Hiding Out - Reception

Reception

Roger Ebert compared the film to Like Father, Like Son, also released in 1987, in that it was an "example of the newest Hollywood genre, the Generation Squeeze, in which plots artificially combine adult and teenage elements" in order to attract the latter to the movie theater while attracting enough of an adult audience for the success of the rental market. Ebert describes as "dumb" the main plot device involving the gangsters' continuing pursuit of Andrew, and the story arc about the janitor he befriends, and notes that the film fails to depict how the 29-year-old protagonist could have much in common with Gish's character, who is over 10 years younger than him. He credited the film with getting him to wonder what it would be like to revisit one's high school years, but cites Peggy Sue Got Married from 1986 as a film that had portrayed that scenario much more successfully.

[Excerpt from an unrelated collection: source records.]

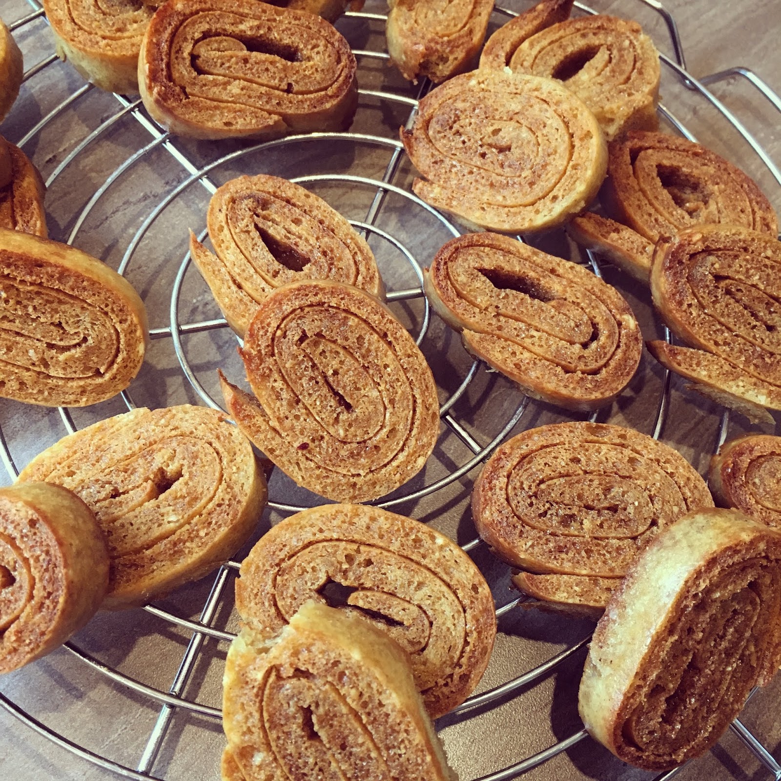 Den Boden nach Ablauf der Backzeit aus dem Backofen holen und mit samt dem Backpapier auf ein feuchtes Küchentuch legen. 2/3 der Zimt-Karamell-Creme gleichmäßig auf den Teig streichen und mit Hilfe des Küchentuches und Backpapier ganz eng über die kurze Seite zusammenrollen. Ca 2 cm dicke Streifen schneiden und auf ein Backblech mit Backpapier legen. Mit der restlichen Zimt-Karamell-Creme bestreichen und so lange im Backofen weiterbacken bis die gewünschte Bräune erreicht ist, ca. 10 Minuten.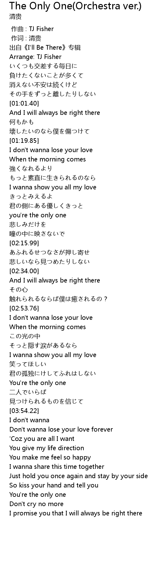 | [00:14.27] | chu zi I' ll Be There zhuan ji |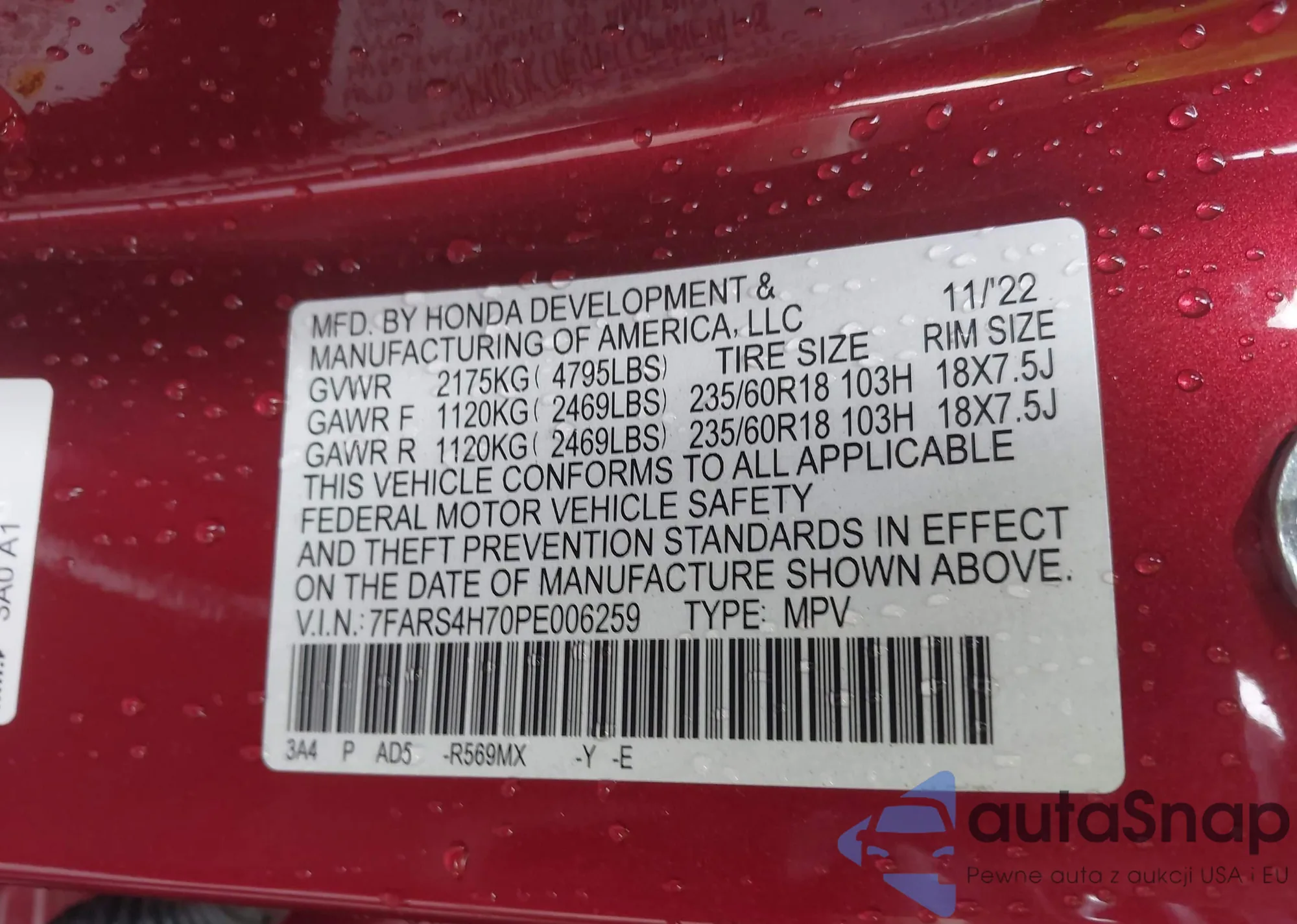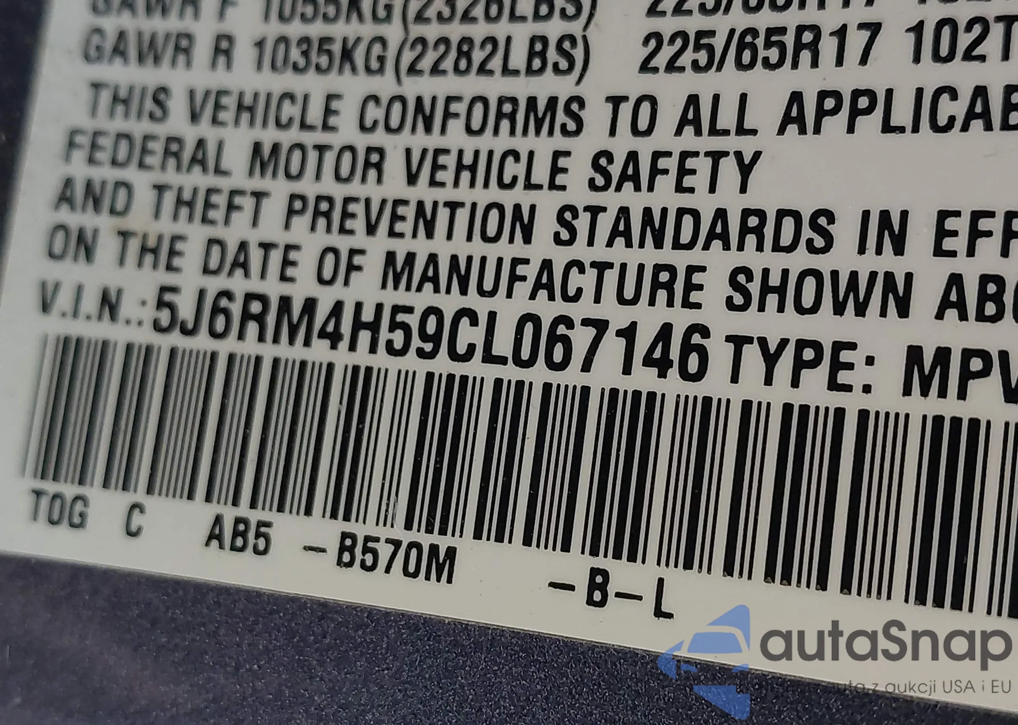 • VIN 5J6RM4H59CL067146

Janet Maslin called the film "pleasant enough" with "mild" jokes that "revolving around things such as Mr. Cryer's accidentally giving tax advice to the father of a teen-age girl he's dating, or his feeling out of place at the roller rink"; she thought the film's coda suggests that "Mr. Cryer could have unexpected charm in more adult roles."

The Time Out Film Guide called the film "predictable, slackly plotted nonsense, marginally redeemed by a genial young cast."